**Collected material:**
# # # # # # #
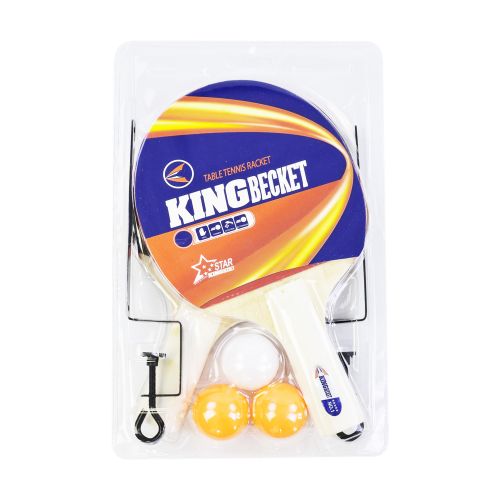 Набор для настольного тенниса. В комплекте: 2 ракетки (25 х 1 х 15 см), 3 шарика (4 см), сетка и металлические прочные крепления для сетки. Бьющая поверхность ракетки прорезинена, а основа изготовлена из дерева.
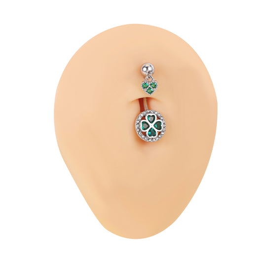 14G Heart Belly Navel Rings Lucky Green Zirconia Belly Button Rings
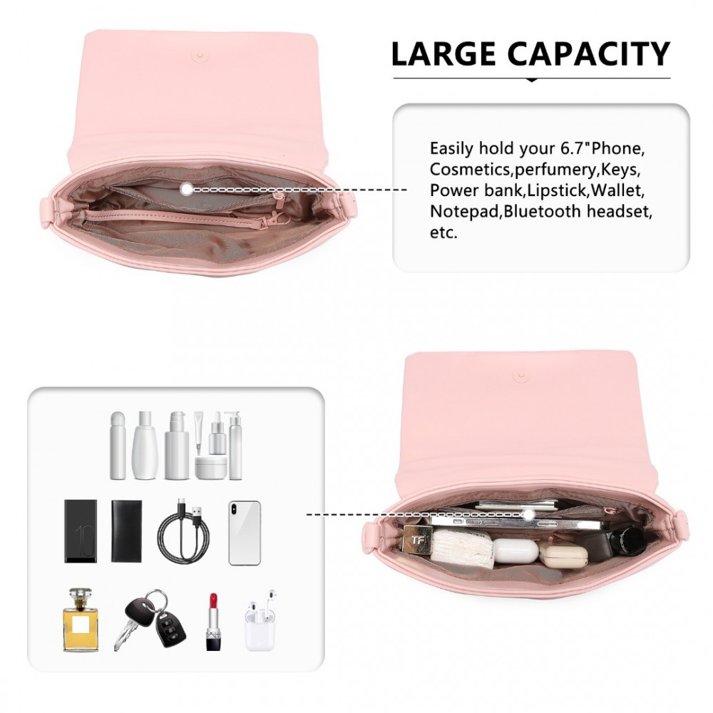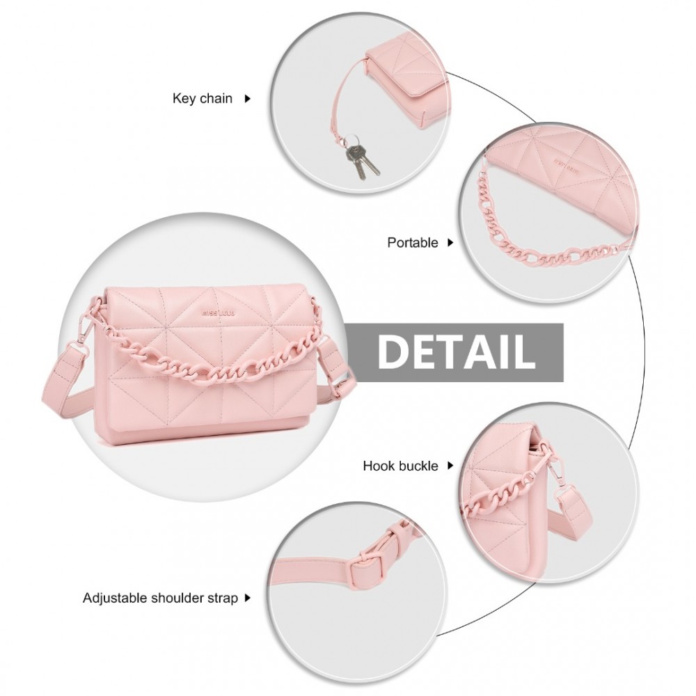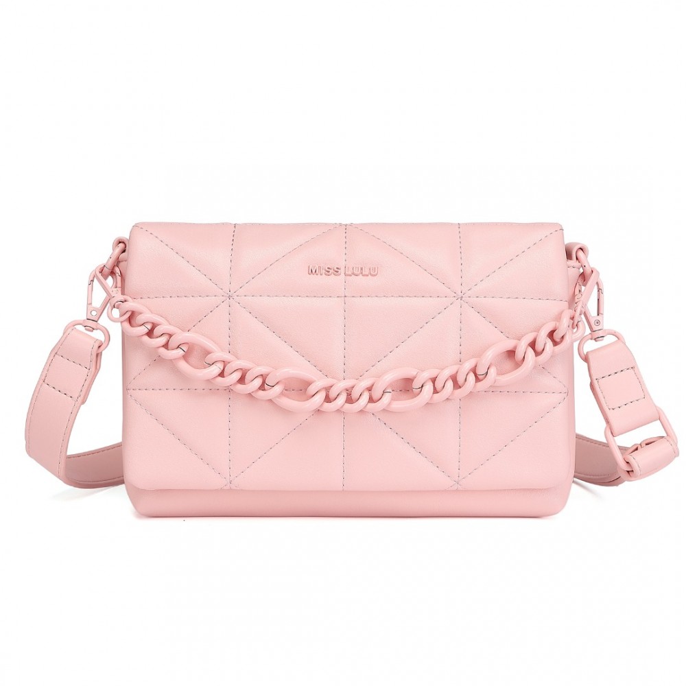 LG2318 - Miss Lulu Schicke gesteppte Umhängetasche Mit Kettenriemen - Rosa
# # # # # # #
**Problem to work on:** All of the data must be repeated exactly, except for the pictures.

**Completed exercise:**
 Набор для настольного тенниса. В комплекте: 2 ракетки (25 х 1 х 15 см), 3 шарика (4 см), сетка и металлические прочные крепления для сетки. Бьющая поверхность ракетки прорезинена, а основа изготовлена из дерева.
 14G Heart Belly Navel Rings Lucky Green Zirconia Belly Button Rings
 LG2318 - Miss Lulu Schicke gesteppte Umhängetasche Mit Kettenriemen - Rosa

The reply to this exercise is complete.